John Hurrell – 18 December, 2015
The works on paper let Harrison revel in the properties of the medium. With the nudes the mottled ink splashes, puddles, feathery rivulets and chromatic tidal minglings provide a sense of restless liquid movement - while presenting the forms of torso and limbs propped up in space as a sort of watery map.
Auckland
Sam Harrison
Inks /Woodcuts/Sculpture
26 November 2015 - 19 December 2015
Sam Harrison’s waxed plaster sculptures are well known now, as are his (for me) extraordinary woodcuts, but this show allows us to see his Rodinesque inkwash studies of the human (female) form too. I tend to rhapsodise over anything this artist makes on paper, be that a complex ‘grainy’ woodcut, a charcoal drawing, or (as here) his fluid ink wash drawings.
His bronze or plaster sculptures of the human body make us think about this corporeal stuff we lug around with us. (Or should I say ‘us’? The Selves to which our bodies at times seem only coincidentally connected.) Like Jenny Saville or Lucien Freud he reminds us of the meat and bone we have as baggage.

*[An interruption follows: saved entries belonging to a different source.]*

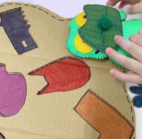 制作材料:纸箱、彩色笔、美工刀、毛球、保丽龙胶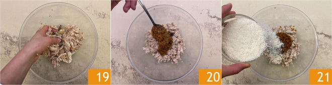 Retire a carne da panela e deixe esfriar um pouco. Em seguida, desfie a carne 19, eliminando a pele e os ossos, e transfira para uma tigela. Adicione o caldo de cozimento, os legumes 20 e o Parmesão 21.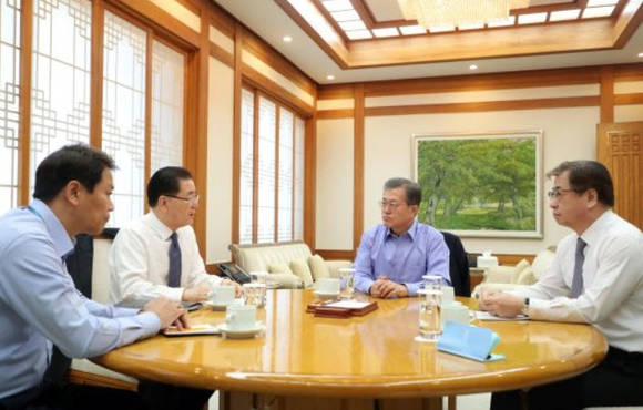 왼쪽부터 임종석 청와대 비서실장, 정의용 안보실장, 문재인 대통령, 서훈 국가정보원장 등이 둘러 앉아 현안을 논의 중이다. ⓒ 청와대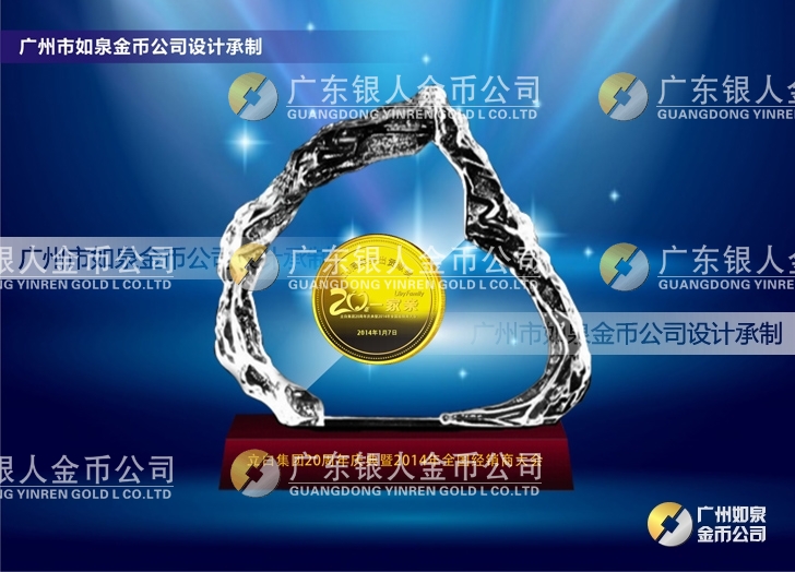 定制廣州立白集團(tuán)20周年慶純金幣鑲嵌水晶擺件鑲金紀(jì)念幣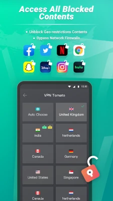 You can unblock any sites, app or games with Free VPN Tomato. Bypass government censorship and geo-restrictions to access social networks such as Facebook, Twitter, YouTube, Snapchat, PUBG, Free Fire, Twitch, etc., or any other blocked websites from anywhere! Watch TV, movies and live sports from any country no matter where you are.
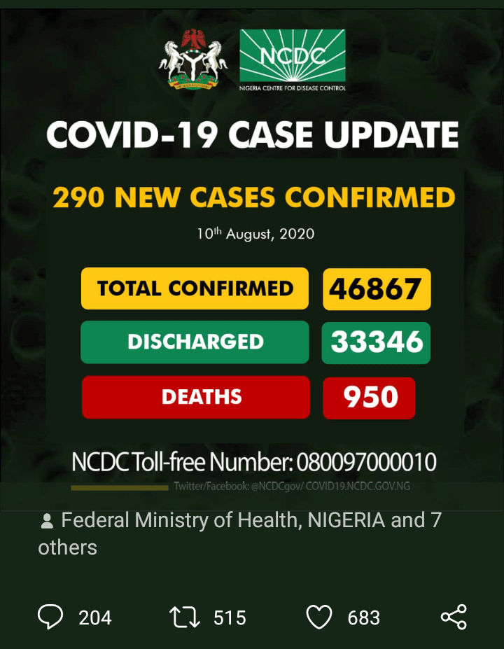Coronavirus deaths in the country have risen to 936. With 443 new Coronavirus infections recorded on Friday, August 7, 2020, Coronavirus cases confirmed in Nigeria have now risen to 45,687. The Nigeria Centre for Disease Control (NCDC) recorded the new cases in 18 states and the Federal Capital Territory, Abuja. In its daily updates on… Continue reading Nigeria records 443 new Coronavirus cases_Femi Ehiabhi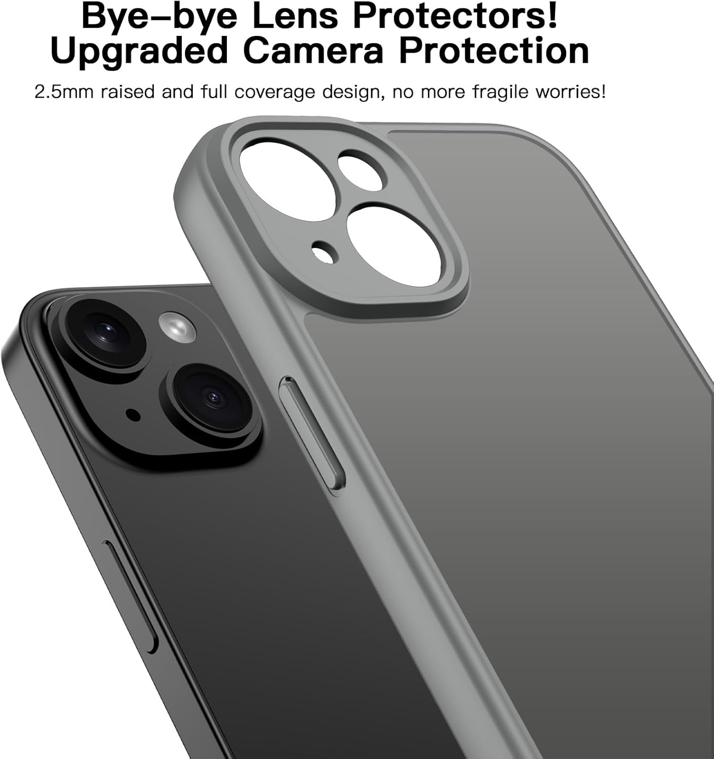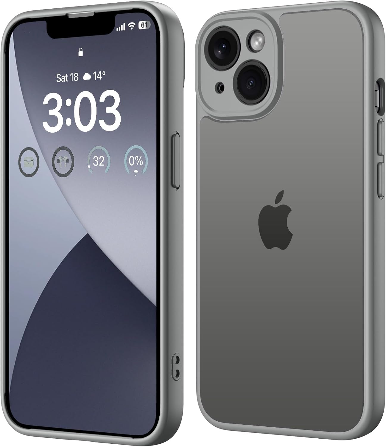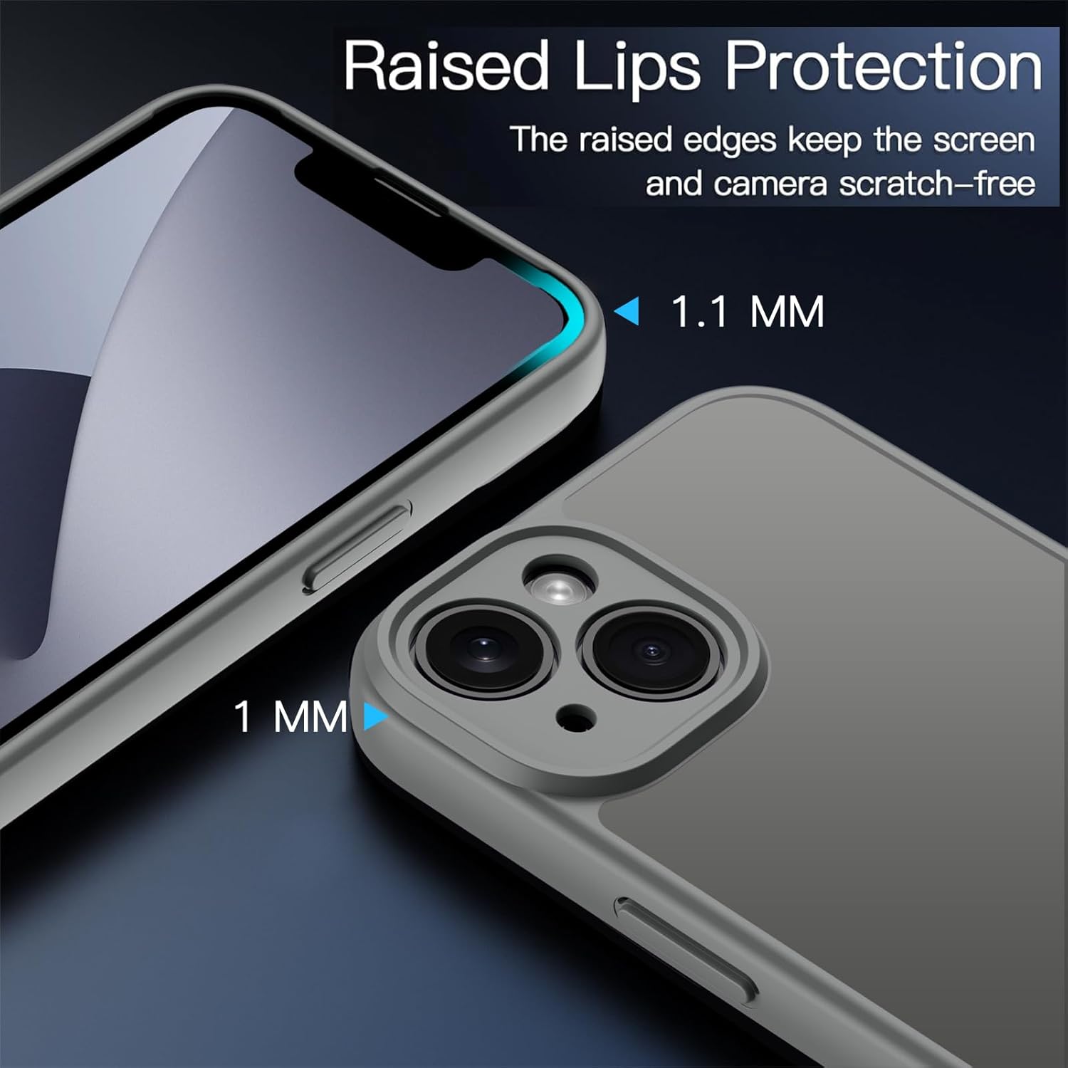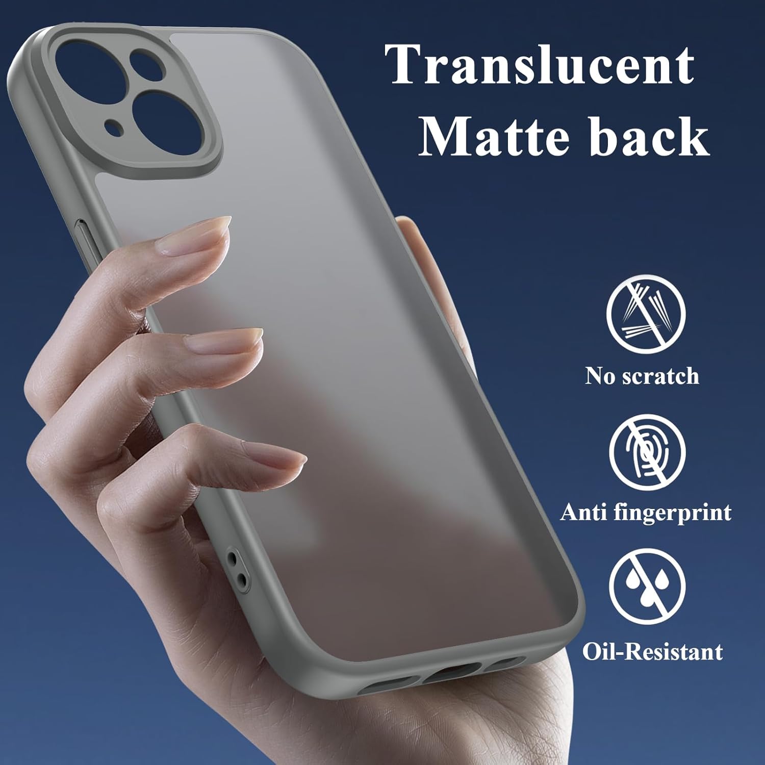 ORDA калъф за iPhone 13 6.1 инча, пълна защита на камерата, удароустойчив, устойчив на надраскване, прозрачен защитен калъф за гръб, матов калъф за мобилен телефон против пръстови отпечатъци за iPhone 13 (сив)

And although his Untitled (Crawling Woman) has a highly unfortunate (and superficial) resemblance to the notorious Allen Jones Table (1969) - I wish Harrison had some men crawling about too - there are so few artists making images about our unclothed bodies that this activity has to be worthy. Most of us over forty avoid looking in the mirror, so there seems to be wisdom in looking at our own physical construction (its outer manifestation), examining what others easily see.
The works on paper let Harrison revel in the properties of the medium with an exuberence you don’t find in the plaster works. With the brushed on nudes the mottled ink splashes, puddles, feathery rivulets and chromatic tidal minglings provide a sense of restless liquid movement - while presenting the forms of torso and limbs propped up in space as a sort of watery map. So different from the hard shiny sculpture, their soft damp tactility, the holistic and amorphous lack of fine detail, the emphasis on dispersed substance - all make these fluid drawings compelling.